Welcome to the Universe: An Astrophysical Tour
- Author: Neil deGrasse Tyson Michael A. Strauss J. Richard Gott
- Language: English
- Subject: Astrophysics
- Genre: Non-fiction
- Publisher: Princeton University Press
- Publication date: September 20, 2016
- Publication place: United States
- Media type: Print (Hardcover)
- Pages: 472
- ISBN: 0691157243
- Preceded by: Space Chronicles
- Followed by: Astrophysics for People in a Hurry

= Welcome to the Universe =

Book by Neil deGrasse Tyson

Welcome to the Universe: An Astrophysical Tour is a popular science book by Neil deGrasse Tyson, Michael A. Strauss, and J. Richard Gott, based on an introductory astrophysics course they co-taught at Princeton University.

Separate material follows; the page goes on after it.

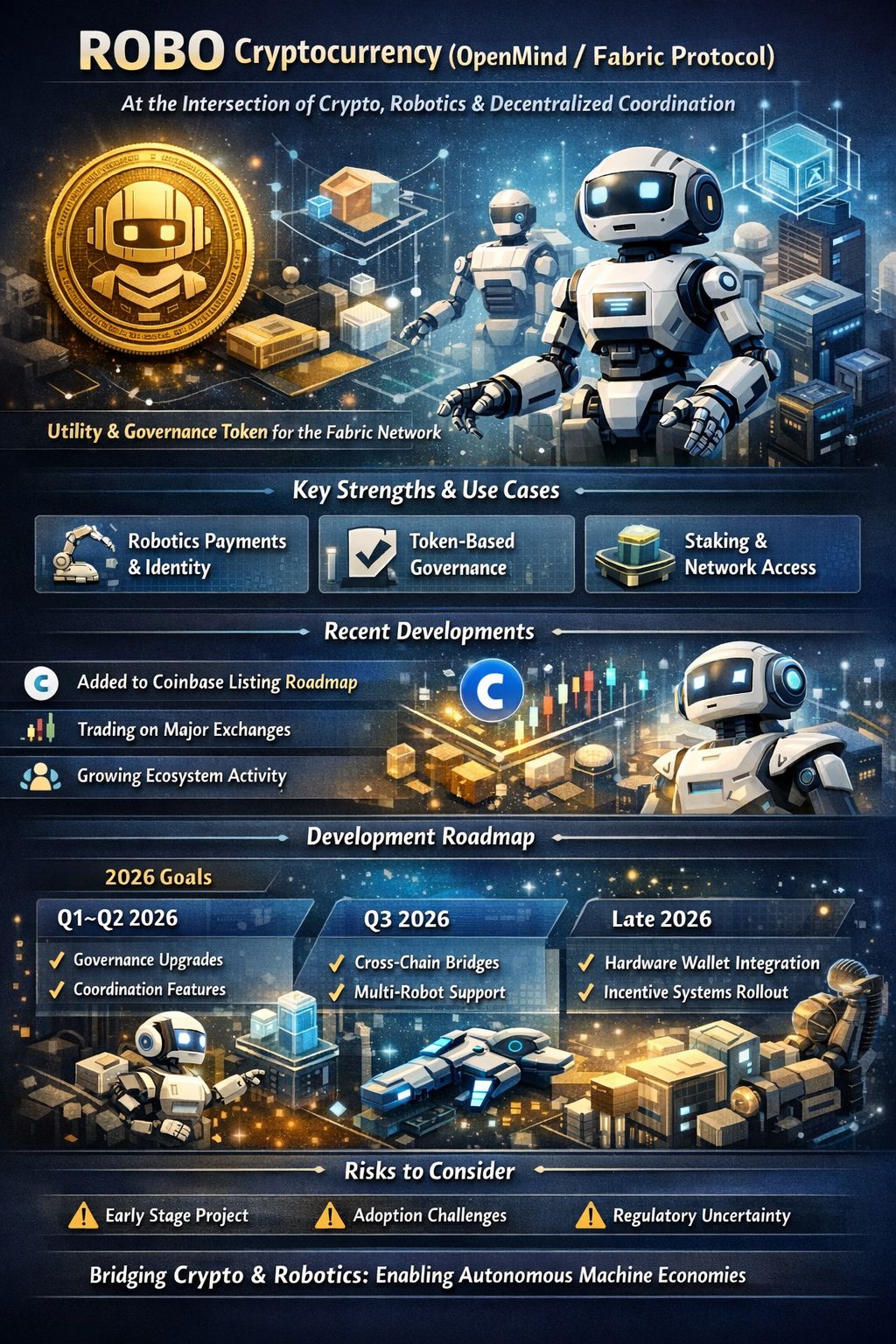 @Fabric Foundation Robo is a utility and governance token designed to support the Fabric network, a blockchain-based infrastructure aiming to coordinate autonomous robots, on-chain payments, identity systems, and robot task settlement. The project is often associated with OpenMind and positions itself at the intersection of cryptocurrency, robotics, and decentralized coordination. �
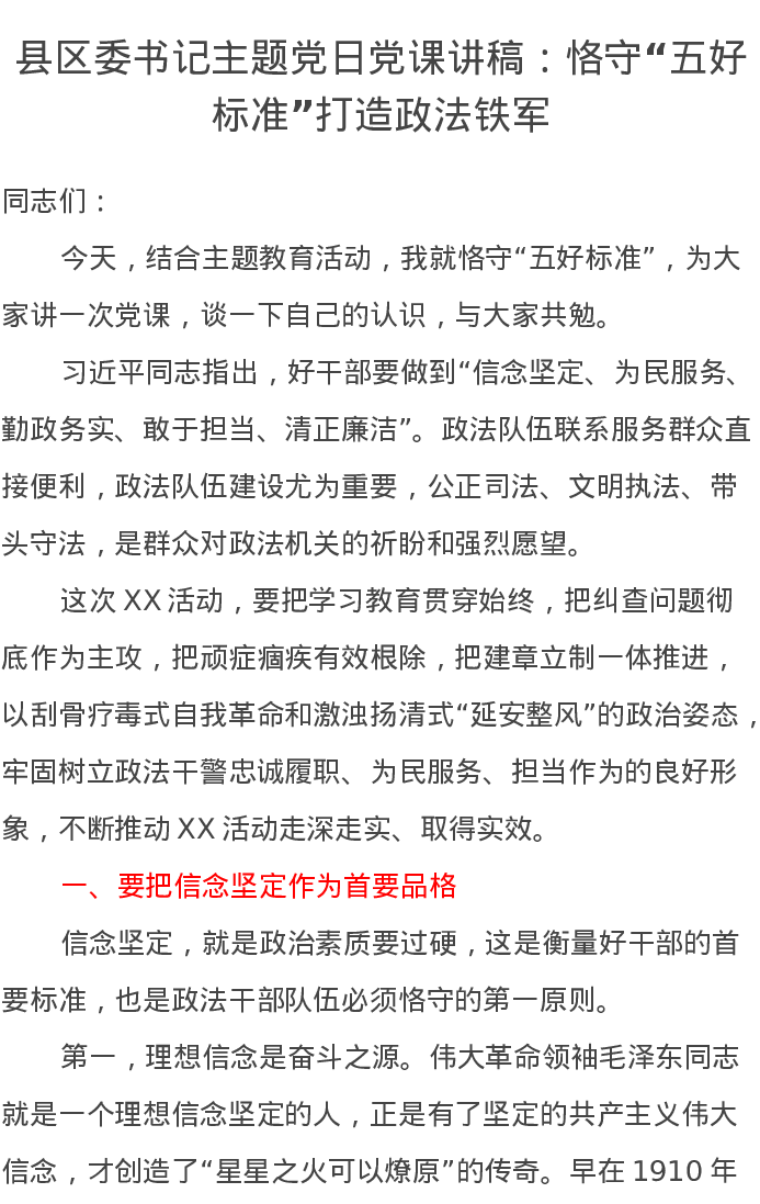 县区委书记主题党日党课讲稿:恪守“五好标准”打造政法铁军

The book was published by the Princeton University Press on September 20, 2016.

==Reception==
Welcome to the Universe: An Astrophysical Tour has been praised by literary critics. Kirkus Reviews described the book as "an accessible and comprehensive overview of our universe by three eminent astrophysicists" and "an entertaining introduction to astronomy." John Timpane of The Philadelphia Inquirer similarly called it "a well-illustrated tour that includes Pluto, questions of intelligent life, and whether the universe is infinite." Publishers Weekly wrote:
Reading through is akin to receiving a private museum tour from an expert scientist; the exhibits include Newton's laws of motion, what will happen after our sun dies, how the space between stars is measured, quasars and black holes, time travel, why the "Big Bang model is far more than 'just a theory,' " and the possibility of other life in the galaxy. The authors present challenging content in accessible prose as they lead readers from our solar system to the edge of the visible universe, getting into the how and the what of just about everything there is to know about the cosmos.